La toile se compose d’une coupe en porcelaine blanche et bleue de facture chinoise contenant des agrumes ; oranges, cédrats et citron épluché symbolisant le temps qui passe. Ce citron épluché est un lieu de transition entre l’apparente immuabilité des éléments en présence et la nature en voie de corruption. Le traitement pictural de la peau des agrumes captant la lumière est absolument exceptionnel, chaque touche colorée accrochant la lumière par la peau granuleuse d’une manière parfaite.

On peut même voir dans le citron épluché le jus perler sous la peau blanche (mésocarpe).

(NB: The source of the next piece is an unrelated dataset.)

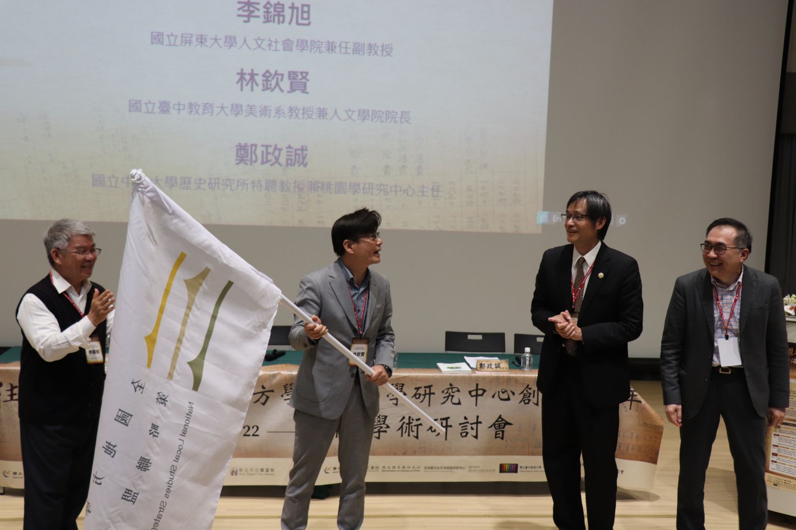 會議最後舉行全國地方學研討會論文集、海報及會旗的交接儀式,由第三屆主辦單位國立中央大學代表鄭政誠教授、第四屆主辦單位國立臺北大學代表洪健榮主任及第五屆主辦單位國立臺中教育大學代表林欽賢院長共同完成。洪健榮主任也預告明年大會主題為「《臺北州檔案》與近代東亞地方治理」,屆時將邀請更多海內外學者蒞臨交流,期盼激盪新穎的學術對話,為地方學與跨域研究開創更多可能。在最後的大合照中,兩日會議圓滿落幕。

Sur le côté droit de la coupe se trouve une petite boîte à pilule ouverte à couvercle vitré qui me pose question. J’ai déjà trouvé ce genre de boîte sur d’autres natures mortes de Kalf, sans comprendre réellement la raison de cette présence. D’une part, je ne sais pas si c’est réellement une boîte à pilule, d’autre part, le fait qu’elle soit ouverte a nécessairement une explication.
L’aiguière en argent est d’une facture exceptionnelle et révèle un objet d’art particulièrement riche, typique des œuvres d’orfèvrerie à motif auriculaire exécutées aux XVIème et XVIIème siècle.
L’objet qui attire l’œil dans cette œuvre c’est cette coupe de verre qui surplombe la composition, une coupe, ou plutôt un verre d’une forme toute particulière qu’on ne trouve qu’en Hollande au XVIIème siècle et qu’on appelle un Roemer ou Römer. C’est un verre à vin sur lequel le type de vin qu’il sert à déguster est gravé. Son nom vient de Rome, dont on dit que ces verres étaient originaires et il est généralement fait de deux couleurs, le blanc et le vert. Le vert est obtenu à partir de potasse de bois, raison pour laquelle on appelle cette couleur Waldglas. Ce verre reposant sur une tige creuse était parfois remplie d’eau et l’on déposait dans la vasque elle-même une de ces agrumes épluchés. L’allégorie prend alors tout son sens : l’agrume épluché symbolisant le temps qui passe plongé dans un verre particulièrement fin symbolisant la fragilité de cette existence… On retrouvera ces verres en particulier chez le peintre Pieter Claesz, contenant parfois une orange épluchée comme dans cette très belle œuvre de Cornelis de Heem. Il est à noter que dans la symbolique de cette iconographie particulière, un verre à moitié rempli symbolise également, comme l’agrume épluché, l’inexorabilité du temps qui passe.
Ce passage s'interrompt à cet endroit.